Entrent en scène les experts. Ouf! On va pouvoir enfin savoir, comprendre, maîtriser. Même pas. Faut-il ou non porter un masque en permanence, administrer de la chloroquine ou des rétroviraux, confiner jusqu’à la découverte d’un vaccin ou permettre les camps scouts? Si informés soient les experts, ils avouent entre deux phrases qu’ils ne savent pas trop, qu’il vaut mieux par précaution, que tout est possible. Certains d’entre eux se chamaillent par articles interposés et posts sur Facebook. Des infectiologues de terrain se plaignent de ce que les experts n’ont pas… leur expertise. Et chaque soir, sur chaque chaîne télé, ils sont priés d’apporter, en dix secondes, une réponse claire aux innombrables questions de citoyens qui ne savent plus très bien que croire, que penser, que faire.

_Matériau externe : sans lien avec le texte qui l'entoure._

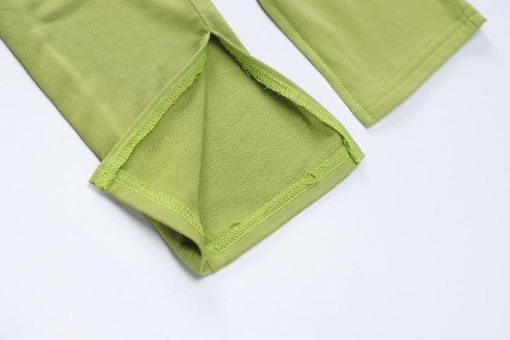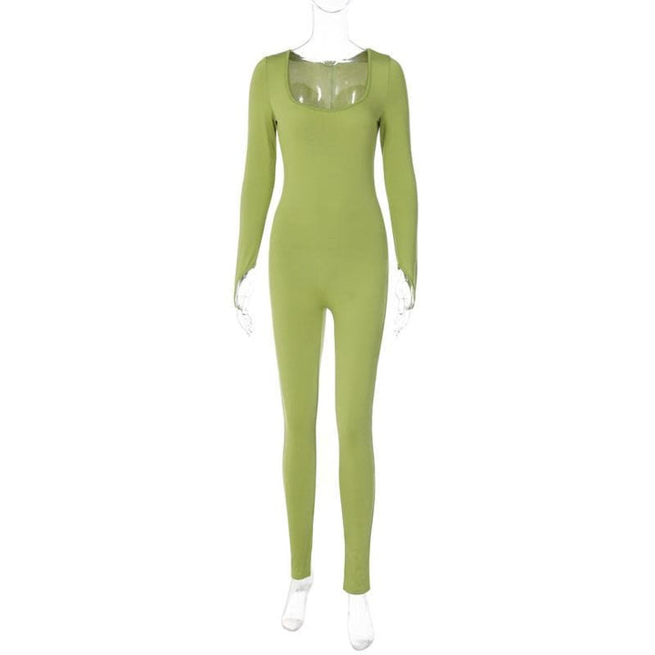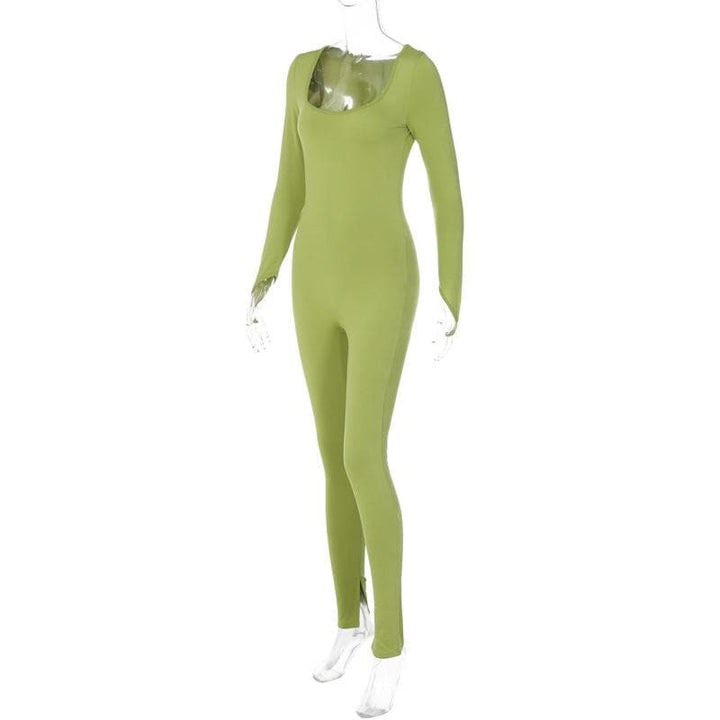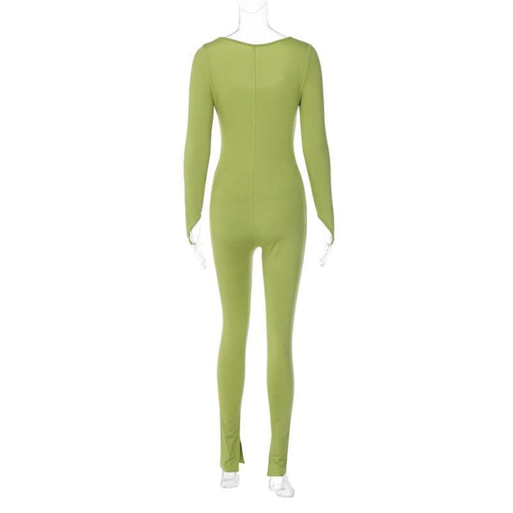 Long sleeve solid u neck slit jumpsuit

C’est que l’incertitude alimente l’anxiété, cet état infiniment plus destructeur que la peur. La peur a toujours un objet bien identifié (les araignées, parler en public…), tandis que l’angoisse fait ressentir l’imminence d’un danger, pas forcément réel, impossible à définir et du coup, doublement menaçant. Le Covid-19 l’a répandue bien plus largement que ses toxines. Inconnu au bataillon des virus, il décime aussi bien des cohortes de vieux pourtant "confinés pour leur bien" que des centaines de jeunes trentenaires au Brésil; il se refile on ne sait trop comment et, surtout, il met à genoux un système économique en moins de temps qu’il ne faut pour le penser, mettant cruellement en lumière ses incohérences autant que l’impuissance et l’incurie de tant de dirigeants. L’anxiété, fille de l’incertitude, a de quoi proliférer plus vite que le virus…
Et si elle était là, l’une des véritables opportunités de cette crise? Apprendre à renoncer à notre maîtrise, à notre fantasme de toute-puissance, consentir à ce que la tranquillité de la certitude fasse place à l’intranquillité du non-savoir. Pas besoin de discernement ni de libre arbitre lorsque tout est bétonné, lorsqu’on s’en remet avec soulagement à la parole des "sachants" qui se proclament tels. Et si l’incertitude ouvrait un chemin de vraie et grande liberté? Le savoir humain n’y perdrait rien. La foi non plus.